The aim of this study was to investigate the feasibility of obtaining reliable and well-separated VEPs from spatially separated stimuli in normal subjects using a four-channel recording system and simultaneous pattern-reversal stimulation using LED arrays. The stimulus frequency in the LED arrays differed slightly. This difference could be resolved in the analysis of the signals so that the responses elicited by the four LED arrays could be identified. The differences were, however, small enough to ensure that identical physiological mechanisms can be expected to mediate the responses. Earlier studies showed a potential usefulness of the multifrequency LED stimulation technique in the ERG.
8,15–17 We show here that the responses from LED arrays, located at different positions in the visual field, can be reliably measured in the VEP. The use of LEDs has several advantages: they have excellent temporal properties and can be used to deliver temporal frequencies with high precision. In addition, LED fields can reach high luminances and contrasts and can be spatially homogeneous. Frequency differences, used in the present study, are difficult to achieve with monitors that have refresh rates of maximally 200 Hz.
18 Furthermore, the pixels of monitors are generally refreshed sequentially, thereby introducing stimulus delays that depend on the spatial position. Recently, a method to increase the frequency resolution on a conventional monitor was introduced by Nakanishi et al.
19 using a variable number of frames in a period. However, in contrast to the present study they did not present several pattern-reversal targets simultaneously. So far, quadrant recordings with pattern-reversal stimulation were made with separate stimulation of each field quadrant.

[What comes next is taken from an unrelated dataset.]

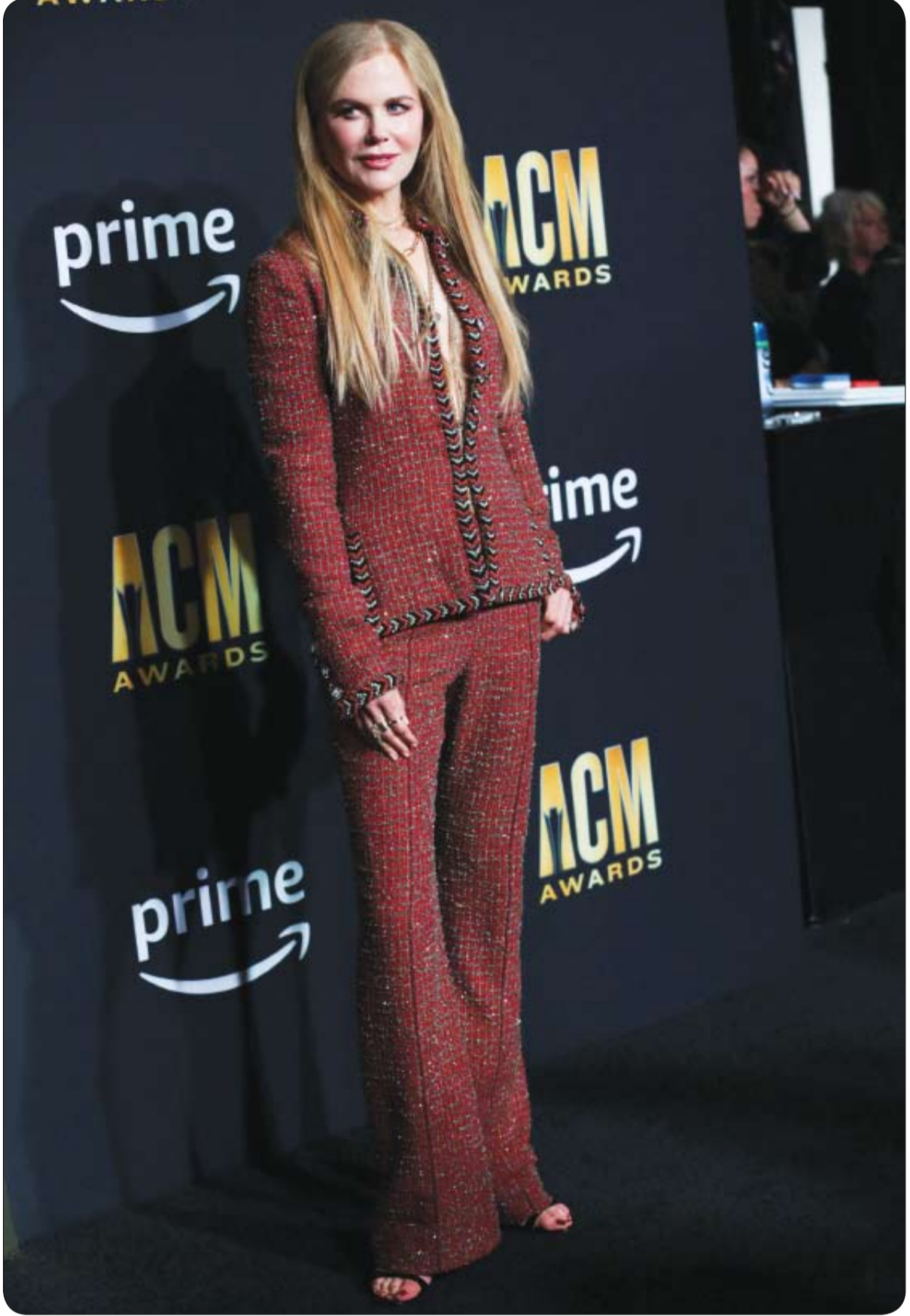
نيكول كيدمان لدى حضورها حفل توزيع جوائز الأكاديمية لموسيقى الريفي في فريسكو، تكساس.

أعلنت وزارة الآثار المصرية، أنه لأول مرة تم الكشف عن أكبر وأكمل ورشتين للتحنيط من العهد الفرعوني إحداهما أدمية والأخرى حيوانية، وذلك في منطقة سفارة بالجيزة جنوبي القاهرة. واتفق مسؤول وزارة الآثار وأستاذ متخصص بجامعة القاهرة في حديثهما لوقع "سكاي نيوز عربية" على أن هذا الكنز الأثري الجديد يكشف بوضوح جانباً من أسرار المصري القديم، يتعلق بالاقتصاد الذي اعتمد عليه، وأنه كانت هناك أركان دولة متكاملة وصناعة التحنيط لم تكن تتم صدفة أو بعشوائية بل كانت لها أسس وقواعد، هذا الجزء من الاقتصاد يمكن وصفه بـ"اقتصاد الجبانة". وكشفت وزارة الآثار المصرية في مؤتمر صحفي عالمي أن الكنز المكتشف يضم إلى جانب ورشتي التحنيط، مقبرتين وعددا من اللقى الأثرية، وأن الكثف جاء خلال استكمال أعمال الحفائر بجبانة الحيوانات المقدسة (البواباسطيون) بمنطقة آثار سقارة، للعام السادس على التوالي. وحسب ما أعلنت الوزارة، فإن الورشتين المكتشفتين تعودان لأواخر عصر الأسرة الـ30 وبداية العصر البطلمي، كما تم الكشف عن مقبرتين من عصر الدولتين القديمة والحديثة، بالإضافة إلى عدد من اللقى الأثرية. ورشة التحنيط الأدمية التي تم الكشف عنها، عبارة عن مبنى مستطيل الشكل من الطوب اللبن مقسم من الداخل إلى عدد من الحجرات تحتوي على سريرين للتحنيط الأدمي وتتراوح أبعاد السريين حوالي مترين طول ومتر عرض و50 سم ارتفاع، وهو مكون من عدة كتل حجرية مغطى من الأعلى بطبقة من الملاط بها ميول ينتهي بميزاب.

20–22 More recently, Maddess and colleagues
23 demonstrated the value of the incommensurate frequency technique for grating stimulation on a monitor with several discrete reversal frequencies. In the present study, we show that LEDs can be used in arrays that can deliver pattern-reversal stimuli with very small temporal frequency differences. Other studies used LED as well,
8,24–28 although they were not yet implemented in clinical routine despite their advantages over monitors. Currently, LEDs are increasingly used in brain computer interface techniques for steady-state stimulus presentations.
29 The disadvantage of LED arrangements compared to monitor systems, where pattern with complex structure and distortion can be easily generated, is the lack of geometric flexibility. In our LED arrays, the spatial frequency can only be altered by changing the viewing distance. Here, we used a distance of 30 cm, resulting in a total stimulus field size of 20.8° × 20.8° and a constant spatial frequency of 0.58 cyc/deg. Due to the relative large rim at the edge of each LED array, we were not able to measure the central quadrant VEP. On the other hand, larger LED arrays would be needed for more peripheral stimulation. Thus, development of LED arrays that consider the scaling of the VEP amplitudes to eccentricity could possibly improve the SNR values.